* Records provided
+-------+
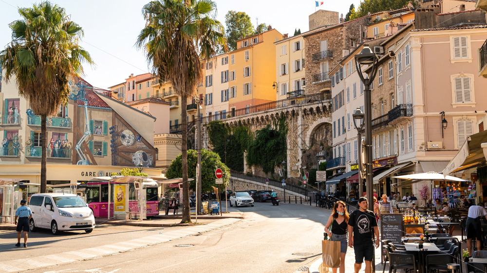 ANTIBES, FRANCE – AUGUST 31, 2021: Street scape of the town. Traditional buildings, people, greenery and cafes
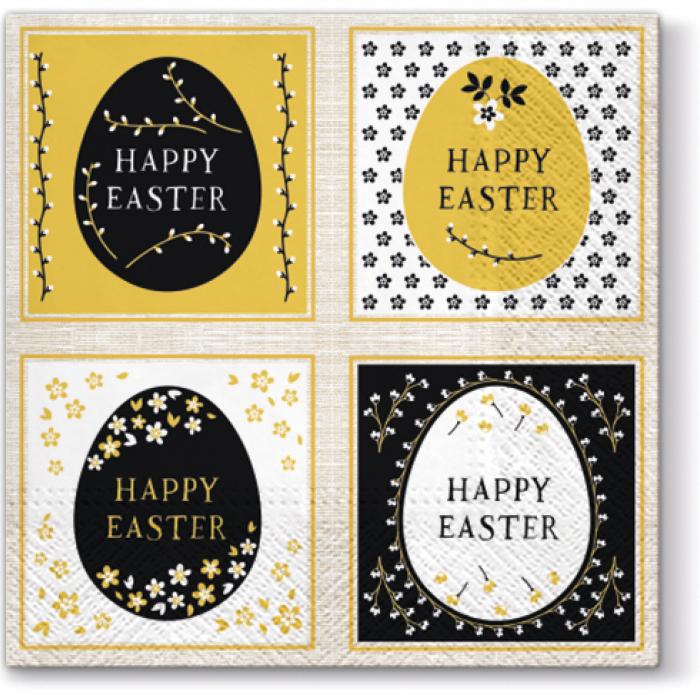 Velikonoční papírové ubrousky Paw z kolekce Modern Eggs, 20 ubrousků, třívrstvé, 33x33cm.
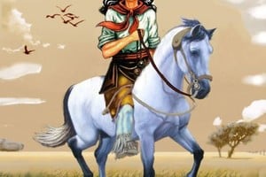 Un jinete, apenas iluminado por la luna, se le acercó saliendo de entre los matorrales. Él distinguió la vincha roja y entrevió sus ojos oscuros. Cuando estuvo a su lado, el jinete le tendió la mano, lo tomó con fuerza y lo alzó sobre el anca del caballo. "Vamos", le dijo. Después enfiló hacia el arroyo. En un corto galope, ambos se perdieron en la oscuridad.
+-------+
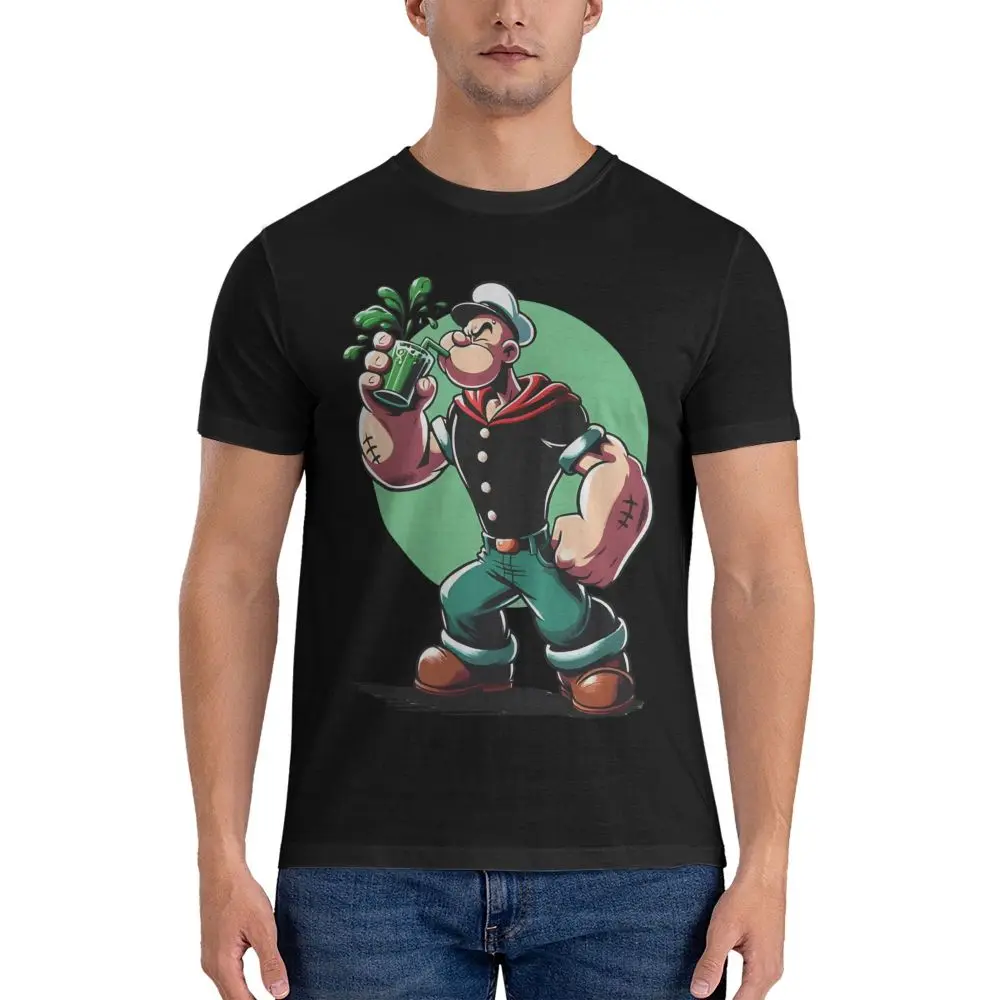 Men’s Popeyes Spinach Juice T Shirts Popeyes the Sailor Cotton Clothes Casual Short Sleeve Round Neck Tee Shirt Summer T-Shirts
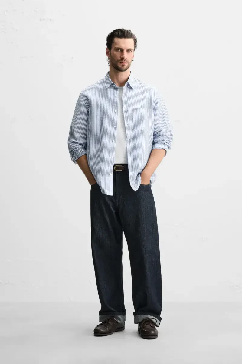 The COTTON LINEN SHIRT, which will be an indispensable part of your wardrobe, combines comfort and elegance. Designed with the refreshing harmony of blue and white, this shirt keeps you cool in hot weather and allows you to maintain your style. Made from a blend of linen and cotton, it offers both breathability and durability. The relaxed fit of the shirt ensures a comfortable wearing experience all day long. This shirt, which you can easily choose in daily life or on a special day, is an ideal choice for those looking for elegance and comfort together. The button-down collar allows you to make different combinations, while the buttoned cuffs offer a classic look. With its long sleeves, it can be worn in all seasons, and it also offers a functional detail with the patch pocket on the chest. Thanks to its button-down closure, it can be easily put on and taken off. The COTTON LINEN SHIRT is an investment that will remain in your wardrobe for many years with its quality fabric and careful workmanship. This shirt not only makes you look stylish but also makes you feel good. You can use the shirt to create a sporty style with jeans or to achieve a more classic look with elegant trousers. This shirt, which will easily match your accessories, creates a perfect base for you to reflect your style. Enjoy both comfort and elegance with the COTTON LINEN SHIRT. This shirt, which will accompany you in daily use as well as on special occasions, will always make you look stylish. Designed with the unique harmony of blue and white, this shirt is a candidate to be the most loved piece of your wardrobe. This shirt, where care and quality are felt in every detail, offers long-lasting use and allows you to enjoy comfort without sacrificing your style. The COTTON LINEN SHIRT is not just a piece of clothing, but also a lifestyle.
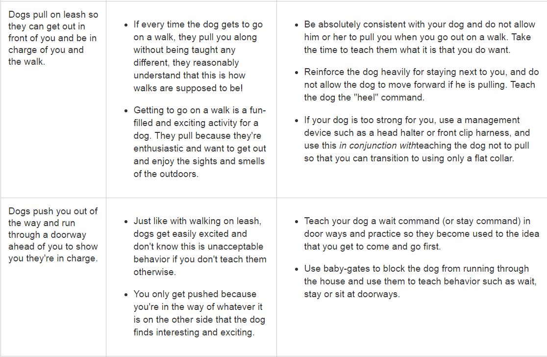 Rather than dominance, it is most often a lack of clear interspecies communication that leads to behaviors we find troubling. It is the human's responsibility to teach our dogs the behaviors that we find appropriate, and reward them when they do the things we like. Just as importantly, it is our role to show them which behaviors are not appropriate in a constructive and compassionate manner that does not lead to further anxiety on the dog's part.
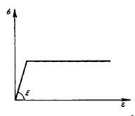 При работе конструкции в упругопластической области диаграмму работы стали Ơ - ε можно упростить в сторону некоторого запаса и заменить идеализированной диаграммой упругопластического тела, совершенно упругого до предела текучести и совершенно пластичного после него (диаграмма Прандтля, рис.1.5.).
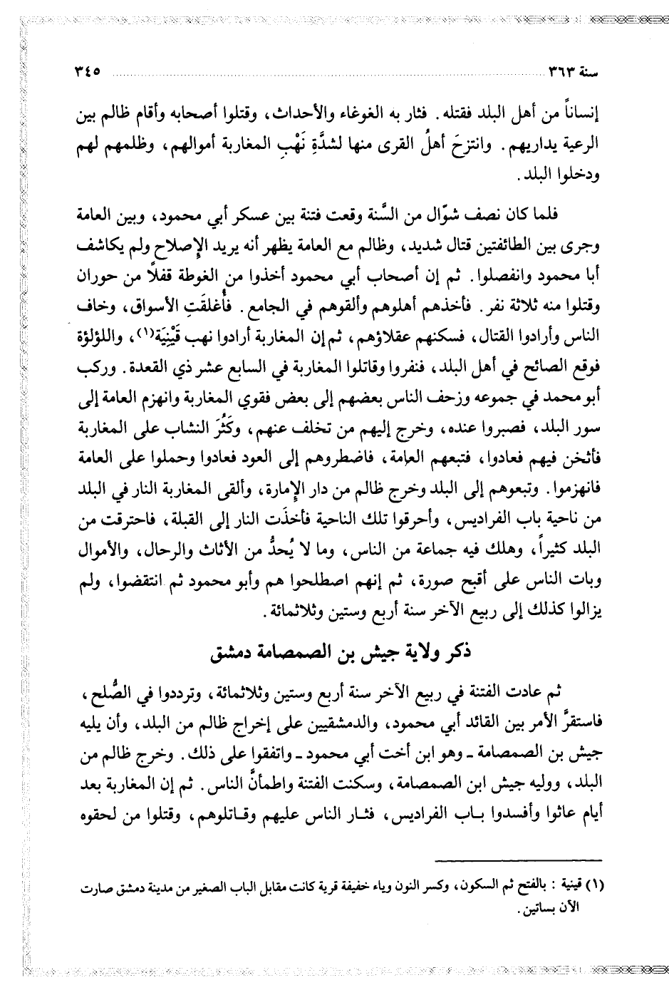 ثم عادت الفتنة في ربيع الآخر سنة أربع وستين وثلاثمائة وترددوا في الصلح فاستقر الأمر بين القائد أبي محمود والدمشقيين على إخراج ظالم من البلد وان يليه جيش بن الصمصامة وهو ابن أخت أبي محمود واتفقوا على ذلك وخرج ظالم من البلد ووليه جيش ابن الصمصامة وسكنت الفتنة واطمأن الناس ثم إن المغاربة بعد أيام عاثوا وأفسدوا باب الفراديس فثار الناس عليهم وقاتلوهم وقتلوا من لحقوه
+-------+
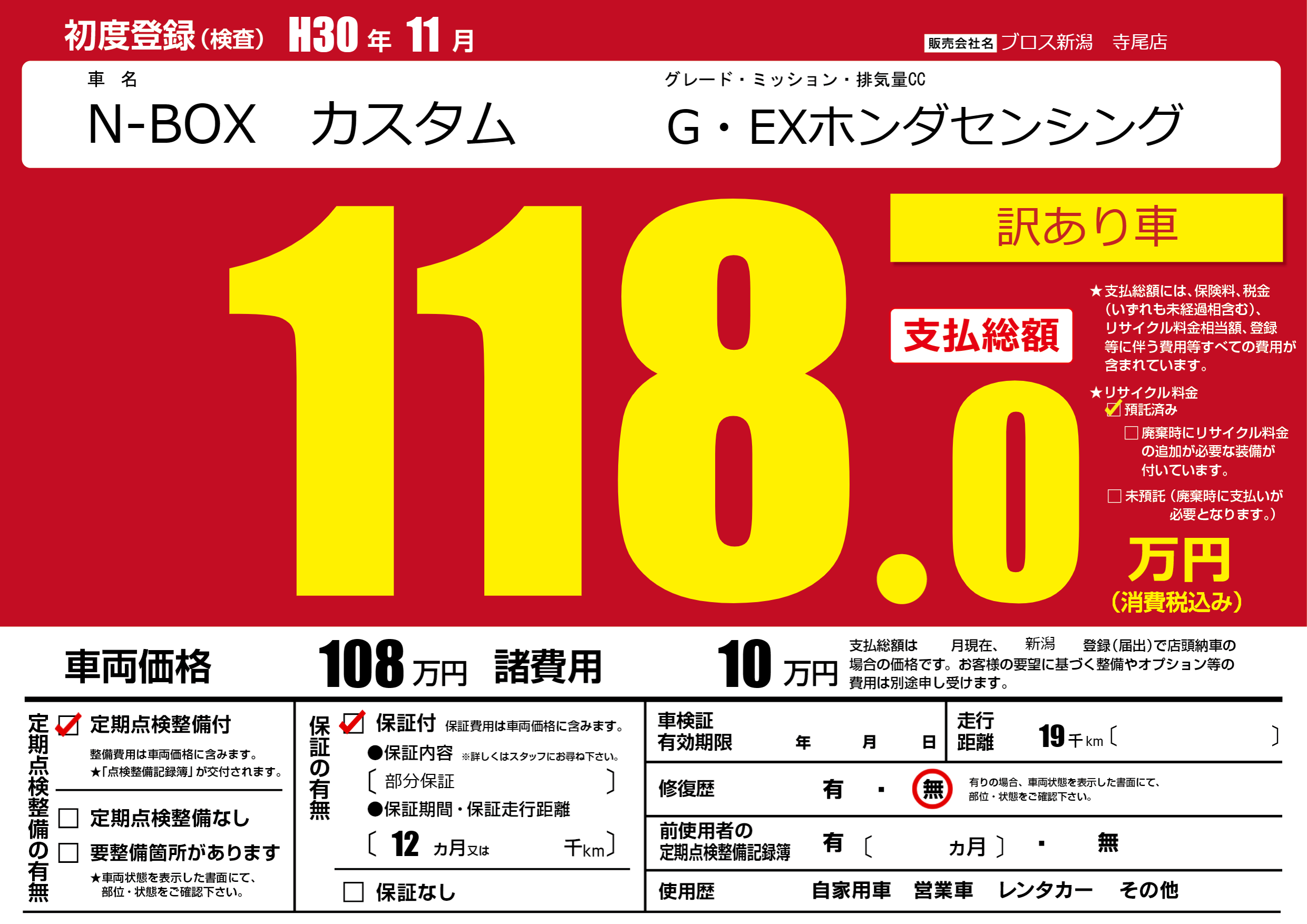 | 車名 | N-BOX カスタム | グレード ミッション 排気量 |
+-------+
Transcribe the listing above exactly, but only from the line with "ANTIBES, FRANCE –" through the line with "Un jinete, apenas". Include both of those lines and omit the pictures.

 ANTIBES, FRANCE – AUGUST 31, 2021: Street scape of the town. Traditional buildings, people, greenery and cafes
 Velikonoční papírové ubrousky Paw z kolekce Modern Eggs, 20 ubrousků, třívrstvé, 33x33cm.
 Un jinete, apenas iluminado por la luna, se le acercó saliendo de entre los matorrales. Él distinguió la vincha roja y entrevió sus ojos oscuros. Cuando estuvo a su lado, el jinete le tendió la mano, lo tomó con fuerza y lo alzó sobre el anca del caballo. "Vamos", le dijo. Después enfiló hacia el arroyo. En un corto galope, ambos se perdieron en la oscuridad.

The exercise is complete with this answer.